However, I’m still a modern-day human living in a modern time, so my curiosity still gets struck when I see something unusual.Enter the Tomo Evo. I’ve seen plenty of dudes in the water on these boards that look more like a wakeboard than a surfboard, and they’re absolutely killing it. They look so narrow, so blunt, so … strange. This is not what I grew up watching the Momentum Generation riding.
But the people I see surfing these Tomos are making horrible waves actually look pretty good. They’re making sections I couldn’t make on my 5’10” thruster and they’re throwing their tail out the back on knee-high mush.
There’s got to be something to this design.
The tricky thing about surfboards is that rarely are you able to give one a shot before you commit to buying it (surfboards are like a box of chocolates). However, this year’s Camp Shred at San Elijo State Beach gave me the opportunity to give this futuristic, shredtastic-looking board a try. Here’s what I found.

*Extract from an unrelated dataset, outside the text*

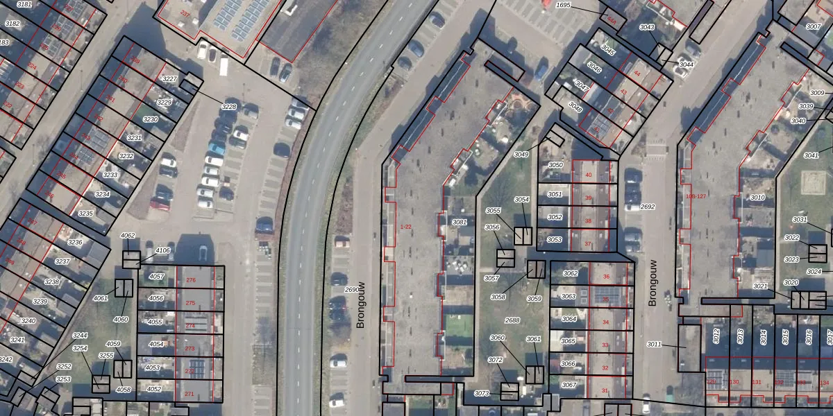 Het perceel waarop Brongouw 6 staat heeft een oppervlakte van 1855 m². Dit is een zeer groot perceel. De perceeloppervlakte wordt geregistreerd door het Kadaster. Gedetailleerde informatie over de maten van dit perceel kunt u vinden in het rapport Kadastrale kaart met maatvoering van Brongouw 6.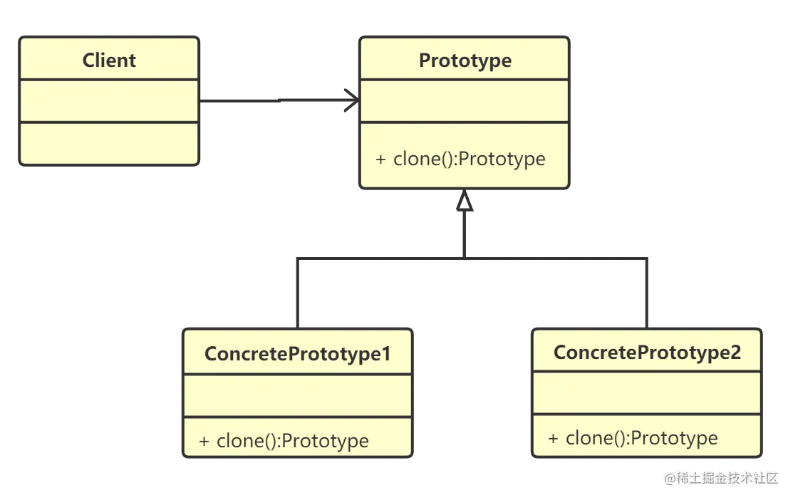 - 抽象原型类(Prototype):规定了具体原型对象必须实现的接口

My first impression as I walked the board back to my campsite to suit up was that it actually felt rather normal under my arm. Weighted accordingly, width and thickness felt about right and, other than the fact that the nose and tail look almost interchangeable, it actually felt very familiar. I opted for the Evo in 5’5″ x 19 ½” x 2 1/2″ with 30.5 liters of volume, and a quad-fin setup.
Why quad fin, you ask? Why not?As I began my paddle, I realized that the buoyancy of this board felt good — much more float than I expected. It felt surprisingly familiar, but with much less foam than I’m used to. Not a bad thing at all.
The waves were good size this day. It was easily overhead on the sets and really consistent. I sat on the outside and waited (it was crowded). After catching a few solid waves, I really got a sense of the speed that this board can handle. As I’ve read that this board really shines in sub-par waves, it held up in the solid stuff, too.
I was expecting groveler performance, but instead it felt like a normal shortboard. It turned on a dime, and although I didn’t get a chance to really push it and release the tail, it certainly handled long, drawn-out rail work to my delight.The most vexing thing to me were the bottom contours. Tomo calls it “double inside single concave into split quad concave planing hull.” Huh? Whatever you want to call it, it looks complicated.
“The Evo feels as if it’s almost ‘levitating’ on the water!” says Tomo. I’d vouch for that.
The Evo really does seem like it would be a great all-around board to add to the quiver. It’s small, light and has the capability to perform in most normal surfers’ daily conditions. It’s offered in lengths from 4’8″ through 6’0″.
As for my verdict: I certainly had a good time on the Tomo Evo, with nothing to complain about at all. In fact, I’d really like to have another go on this thing in really crappy waves (as odd as that sounds). A good friend was telling me that he surfed it in waist-high slop and it actually made him feel like a better surfer than he actually is.
But for me, I think I’ll stick with my classic design … for now. Maybe that’s because I just feel more comfortable on something familiar, or maybe I’m just old school. Whatever. I think I’ll go watch Good Times now.